Reactivity of p-Substituted Benzaldoximes in the Cleavage of p-Nitrophenyl Acetate: Kinetics and Mechanism

Abstract

Eleven p-substituted benzaldoximes (p-XC6H4CH=NOH, where X = H, CH3, CF3, F, Cl, Br, OCH3, N(CH3)2, COOCH3, CN, NO2) have been synthesized and their dissociation constants determined in 10% (v/v) aqueous dioxane at 35 °C. Under the same conditions, the pseudo-first order rate constants kobs of their reactions with p-nitrophenyl acetate (PNPA) were measured at pH values from 7.8 to 10.8 and at concentrations coxime ranging from 0 to 4.00 × 10-3 mol l-1. The kinetic model and mechanism of the said reaction was proposed by means of mathematical statistical modelling of the dependences of kobs on pH and coxime. The mechanism involves a pre-equilibrium (k-1/k1) in which PNPA forms a tetrahedral intermediate (THI) with the deprotonated form of oxime. In the given medium, THI is in equilibrium with the non-reactive conjugated acid THIH (dissociation constant Ka,THIH) which is stabilized by intramolecular hydrogen bond. Depending on pH, the rate-limiting step consists either in formation of THI from educts (pH < pKa,oxime) or in its spontaneous (k2) and oxime-catalyzed (k3, general acid catalysis) decomposition to products (pH > pKa,oxime). Evaluation of substituent effects on dissociation constants (Ka,oxime) of the oximes showed that there is no direct conjugation between the substituent and the reaction centre (the found reaction constant ρ(Ka,oxime) = 0.91).
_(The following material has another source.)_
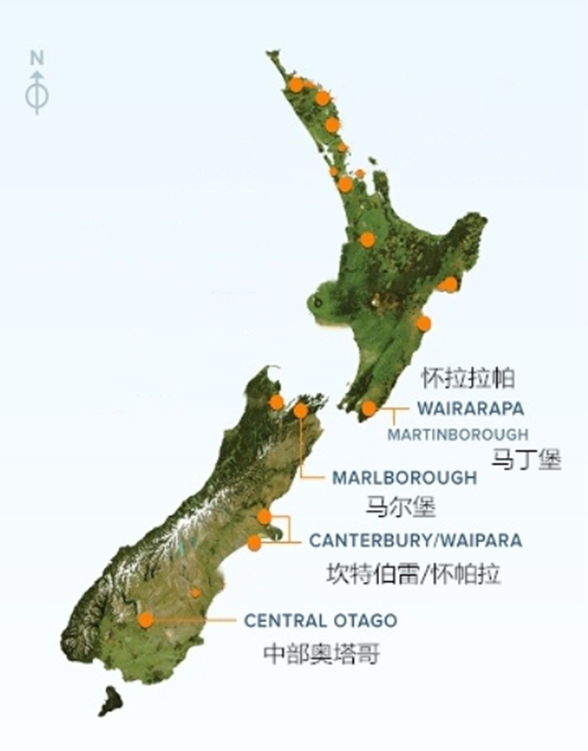 馬丁堡的面積較小,其位于北島(North Island)最南端的懷拉拉帕(Wairarapa)產(chǎn)區(qū),與馬爾堡隔海相望。馬丁堡四周山脈和丘陵環(huán)繞,受海洋季風(fēng)的影響較小,降水稀少,是北島最干燥的產(chǎn)區(qū)之一。同時(shí),因夜間山頂?shù)睦淇諝鈺?huì)沿著山坡下沉,葡萄園的晝夜溫差較大,有助于葡萄緩慢地積累風(fēng)味物質(zhì)。產(chǎn)區(qū)的土壤主要由礫石與沖積土構(gòu)成,土質(zhì)貧瘠且排水性佳,有利于葡萄樹(shù)扎根深處并汲取更多復(fù)雜風(fēng)味。

The transmission coefficient of the transfer of these effects through C=N-O grouping corresponds approximately to one bond. The reaction constants in the Hammett equation obtained from the regression model are: ρ(k-1Ka,THIH/k1) = 1.29, ρ(k2Ka,THIH) = 0.20 and ρ(k3Ka,THIH) = 0.67. These reaction constants have been discussed with the regard to the reaction mechanism suggested.